Exploration of Fluidic Thrust Vectoring Control on a Dynamic Test Rig: Computational and Experimental Analysis

Fluidic thrust vectoring (FTV) control is a cutting-edge method used to manipulate the motion of an unmanned air vehicle when traditional control surfaces like elevators are not available. The primary purpose of employing FTV is to make the aircraft less detectable. This research centers around the exploration of the co-flow variation of the FTV concept. In this approach, a secondary jet with a significant velocity is injected into the boundary layer of the primary jet. As a consequence, the primary jet is diverted, leading to the formation of a pitch moment. Numerical simulations were conducted to analyze different ratios of secondary and primary jet velocities, providing valuable insights into the effectiveness of the proposed technique.

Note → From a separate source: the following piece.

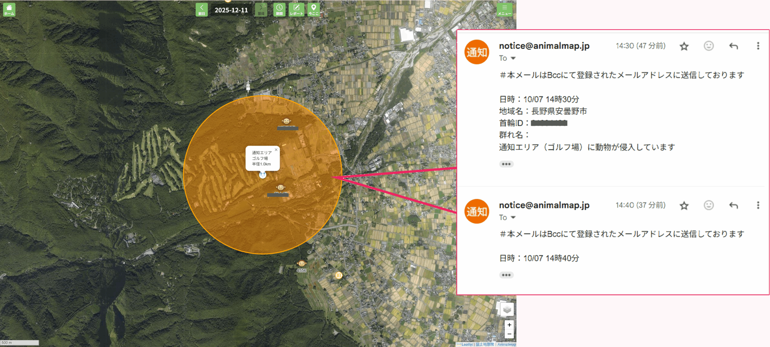 仕組み: 首輪を装着した個体が、GPS測位時にこの設定エリア内にいると、登録されたメールアドレスに自動で通知が届きます。

The test rig, designed with a pitch-constraint dynamic setup, utilized electric ducted fans to generate primary and secondary flows. At 19 m/s primary velocity, the experimental testing shows a maximum vertical force of 0.4 N, producing a deflection of 25°, which is deemed adequate for thrust vectoring. This research builds upon the authors’ previous work on characterizing a static co-flow FTV rig. The comparison between the computational fluid dynamics analyses and the experimental results demonstrates agreement in the behavior of the vectored jet. This validation further strengthens the findings presented in this paper.